The only people who genuinely think the US will break up are either:

a) Russians, or

b) Americans who've been successfully trolled by Russians

Russians think the US will break up, because THEIR country broke up, and they don't understand America well enough to grasp that America is nothing like the former Soviet Union.

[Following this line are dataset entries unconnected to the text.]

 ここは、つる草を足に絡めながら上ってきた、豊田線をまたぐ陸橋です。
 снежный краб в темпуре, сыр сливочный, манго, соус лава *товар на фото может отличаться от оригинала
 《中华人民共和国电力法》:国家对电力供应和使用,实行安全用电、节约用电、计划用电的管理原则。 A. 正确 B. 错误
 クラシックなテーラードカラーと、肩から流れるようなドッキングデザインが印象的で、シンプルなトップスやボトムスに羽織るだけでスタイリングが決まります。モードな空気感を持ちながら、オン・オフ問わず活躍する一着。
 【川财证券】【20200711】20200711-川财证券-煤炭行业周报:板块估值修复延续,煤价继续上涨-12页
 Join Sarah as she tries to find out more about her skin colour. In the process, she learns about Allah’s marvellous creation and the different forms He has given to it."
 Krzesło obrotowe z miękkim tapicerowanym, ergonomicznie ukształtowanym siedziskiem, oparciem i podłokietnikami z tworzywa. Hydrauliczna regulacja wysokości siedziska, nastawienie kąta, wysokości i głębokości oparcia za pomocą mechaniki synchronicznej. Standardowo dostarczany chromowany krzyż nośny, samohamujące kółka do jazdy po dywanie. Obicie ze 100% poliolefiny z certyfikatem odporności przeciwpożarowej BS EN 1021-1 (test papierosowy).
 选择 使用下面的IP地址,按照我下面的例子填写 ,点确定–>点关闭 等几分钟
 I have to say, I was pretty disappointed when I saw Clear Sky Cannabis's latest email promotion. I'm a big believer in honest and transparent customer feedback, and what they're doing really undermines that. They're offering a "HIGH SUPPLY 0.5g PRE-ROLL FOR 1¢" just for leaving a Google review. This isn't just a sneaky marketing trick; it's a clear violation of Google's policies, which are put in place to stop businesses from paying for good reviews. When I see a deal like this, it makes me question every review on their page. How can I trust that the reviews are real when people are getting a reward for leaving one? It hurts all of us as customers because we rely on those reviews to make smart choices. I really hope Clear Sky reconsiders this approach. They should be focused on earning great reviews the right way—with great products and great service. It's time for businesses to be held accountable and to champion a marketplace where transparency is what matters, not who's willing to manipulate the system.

The FSU was arguably a cabal of Russia, Belarus, Georgia, and Ukraine that dragged everyone else along for the ride. In the US, tiny states like Delaware & New Jersey have more federal power relative to California, Texas, and Florida than ANY of the *-stan regions EVER had compared to Russia/Ukraine/Belarus/Georgia, and compared to the cultural gulf between, say, Khazakhstan & Leningrad, rural Louisiana, Anchorage, Miami, Compton, Manhattan, and Pittsburgh are practically indistinguishable by comparison.

by Anonymousreply 74October 6, 2021 8:39 AM

Again, while DLers tend to be Eeyores, do not discount the very real possibility that Trump will single-handedly destroy the GOP by ensuring that completely batshit crazy candidates win the GOP primaries over less batshit crazy opponents and then go down in the general election, even in relatively safe districts.

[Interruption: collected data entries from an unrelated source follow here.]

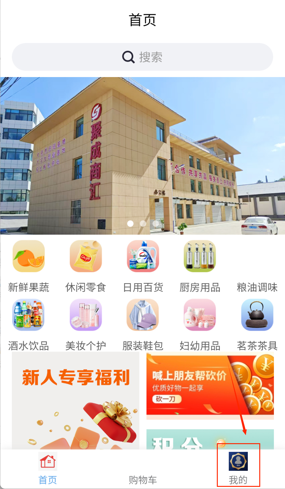 1、注册账号后领取新人礼包,浏览首页推荐商品或通过分类查找所需物品,首次使用需完成手机号注册流程。
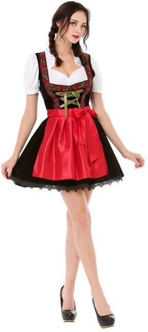 Details: bewerkt galon op de borst, rood schort en de rok is afgewerkt met zwart kant
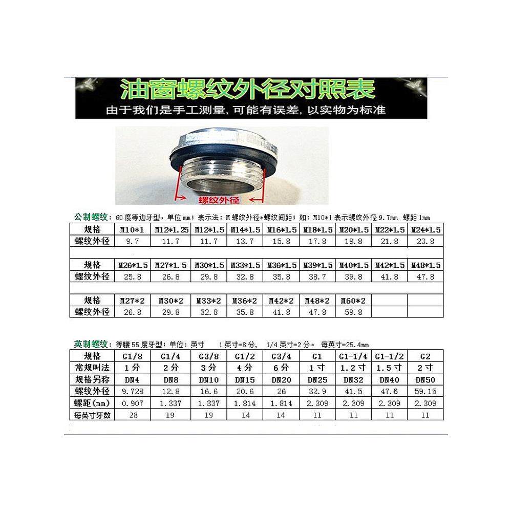 📚 六角铝合金油窗油标视油镜油位镜减速机油位观察镜耐高温钢化玻璃
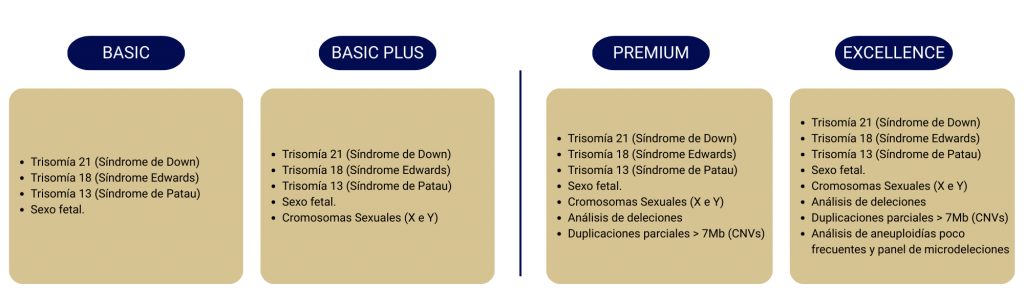Analiza ADN fetal libre en sangre materna para detectar: Trisomía 21 (Síndrome de Down), Trisomía 18 (Síndrome de Edwards), Trisomía 13 (Síndrome de Patau), sexo fetal, cromosomas sexuales, análisis de deleciones y duplicaciones parciales > 7Mb (CNVs)*, análisis de aneuploidías poco frecuentes y el panel de microdeleciones*.
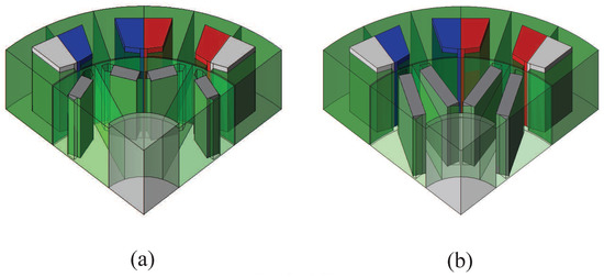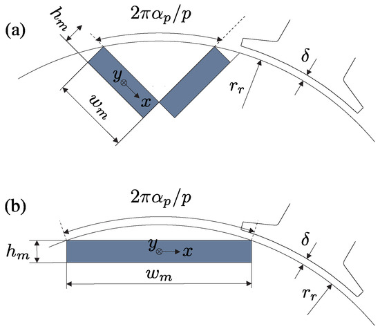 - Yamazaki, K.; Fukushima, Y. Effect of eddy-current loss reduction by magnet segmentation in synchronous motors with concentrated windings. IEEE Trans. Energy Convers. 2011, 47, 779–788. [Google Scholar] [CrossRef]

Trump's True Believers are not a majority and many who otherwise vote Republican will vote for a centrist Democrat over a crazy Trumpist.

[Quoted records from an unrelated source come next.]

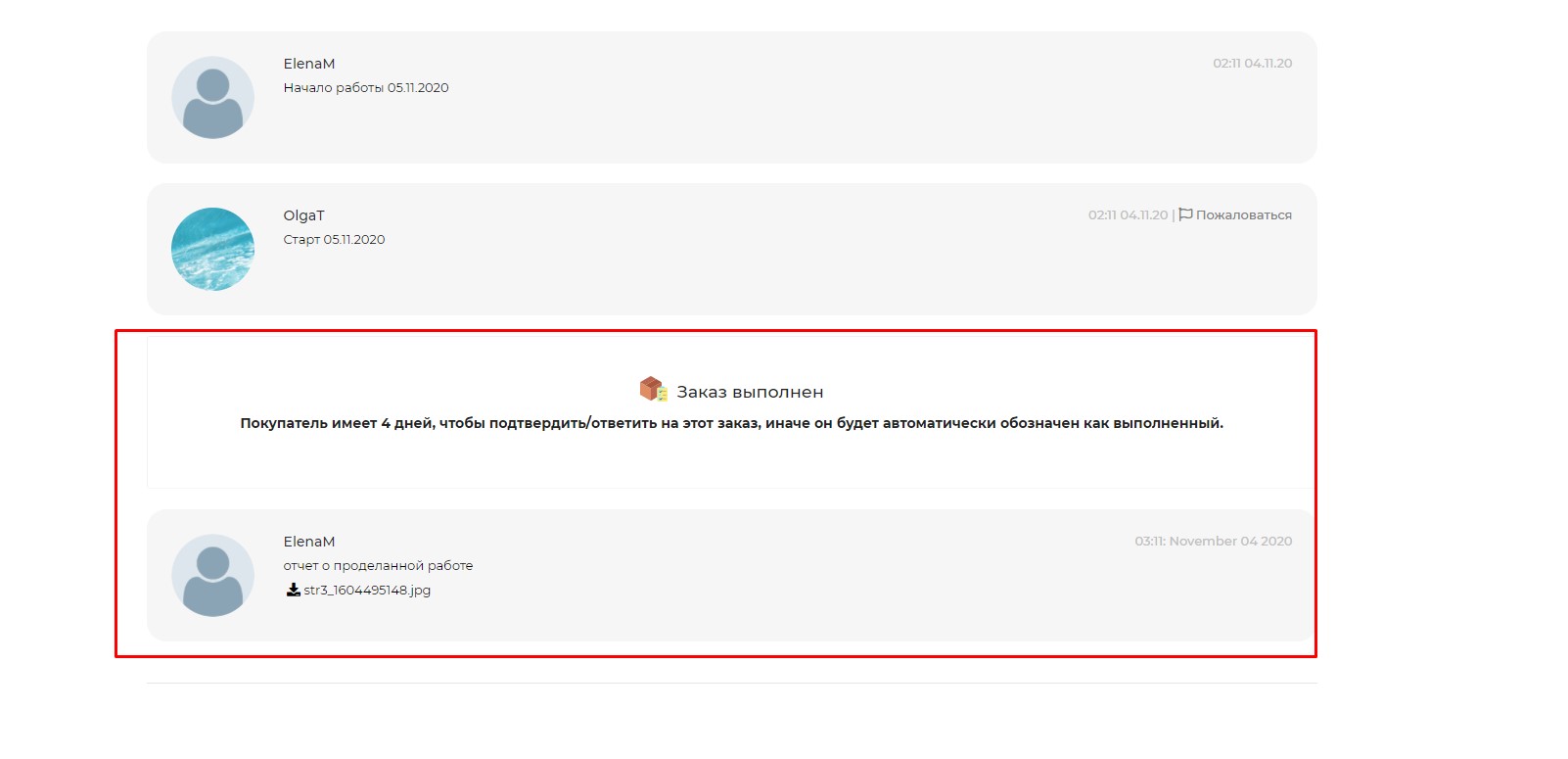 После подтверждения выполнения заказа:
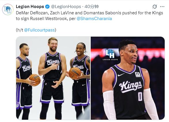 Shams還透露:國王的關(guān)鍵球員也支持威少加盟,其中之一是小薩博尼斯,他們曾在俄克拉荷馬城一起打球,還有另外兩名球員,德羅贊和扎克-拉文,他們和威少一樣都有洛杉磯背景。此外,他還認識國王的新任助理總經(jīng)理,在等待了四個月之后,這位前MVP將在薩克拉門托開始他的第18個賽季!
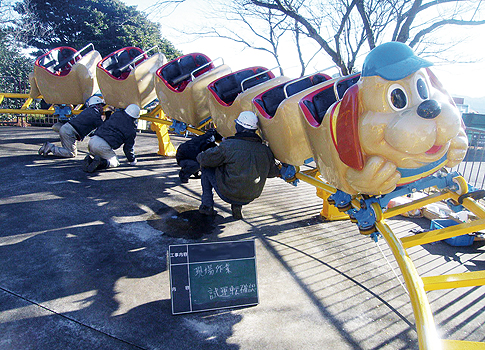たくさんのお客様がご利用する遊園地遊具設備の点検を行っています。
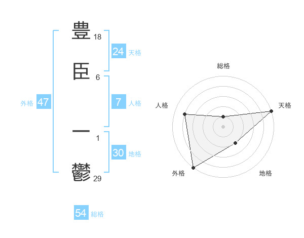 豊臣 一鬱さんを姓名の画数から五運を鑑定

by Anonymousreply 75October 6, 2021 9:21 AM

R72 = You learned nothing from the Trump Presidency. Waiting on the GOP to splinter and "tear itself apart" didn't happen in 4 years--quite frankly we saw them come together--Lindsay Grahams Trump bootlicking is a perfect example.. Democracy (and the Democratic Party) are toast on November 5th, 2024. Life will be hell except for the rich. And you can believe either Trump will be on the ticket or he will get Junior on the ticket (as Veep)..Without a doubt.

Offsite Link
by Anonymousreply 76October 6, 2021 9:31 AM

The Atlantic is Ground Zero for Doom and Gloom articles that appeal to their liberal reader base.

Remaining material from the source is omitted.